Wednesday, September 14, 2011

Stages of Dating

Dating relationships go show common patterns. At each stage during the dating process, each half of a couple often makes a decision (sometimes more thoughtfully arrived at than others) to move forward or to end the dating relationship.

Some dating stages take longer than others to go through and some people take much longer at each stage. Unfortunately, some people don’t fully experience and process each dating stage as an opportunity for personal growth or to make a healthy evaluation about the relationship or about themselves. Others are more open and aware to learn about themselves and their choices during each stage of the dating relationship.

Dating Stage 1: Initial Meeting/Attraction

Dating relationships have to start somewhere. The initial meeting may take place over the internet, through friends, in a church or social group, at a party or bar or any one of a myriad of many different places.

Different arenas for meeting potential dating partners allow for different opportunities to get to know each other and see if there is enough curiosity or interest to take it to the next level which would involve arranging a second or third meeting.

Dating Stage 2: Curiosity, Interest, and Infatuation

During the second stage of dating, attraction and infatuation are most pronounced.

Early attraction often involves the physical attributes of the partner and include things like outward appearance, body type, interests and personality traits. At this stage, the attraction may not be too “deep” and each half of a couple is generally putting his or her best foot forward. Differences are not noticed or are dismissed with thoughts like “not a big deal” or “she will change”.

Couples generally do not have much conflict at this stage of the cycle as each is really trying hard to impress the other person. Often (not always) during this stage of dating, there is not enough “is this the right person for me” but rather more “what can I do to make this person like me?”

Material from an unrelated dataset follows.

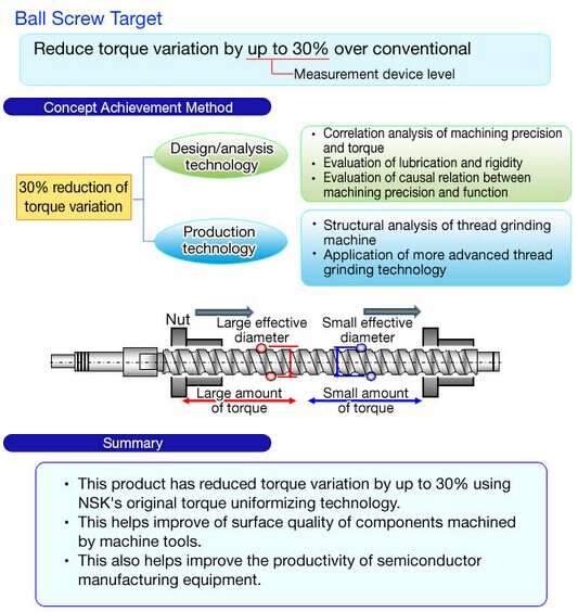 NSK Ltd. (NSK; Headquarters: Tokyo, Japan; President and CEO: Toshihiro Uchiyama) today announced that it is releasing a high-performance precision ball screw based on new technology designed for machine tool high-performance ball screws that it announced in October 2014. This technology features a huge improvement in ball screw motion control. NSK will launch this new product in October 2015 targeting 2 billion yen in global sales in 2018.

This dating stage may last for 3 or 4 months depending on the individuals and their maturity, experience and self-understanding. Towards the end of this stage, and hopefully at other times throughout it, it is not unusual for questions of “is this the right person for me” to emerge. For women especially there may also be a desire to figure out where the relationship is headed.

Going slowly in making any decisions about a relationship are more likely to be better ones than moving quickly (unless it is clear that the relationship is not a good fit).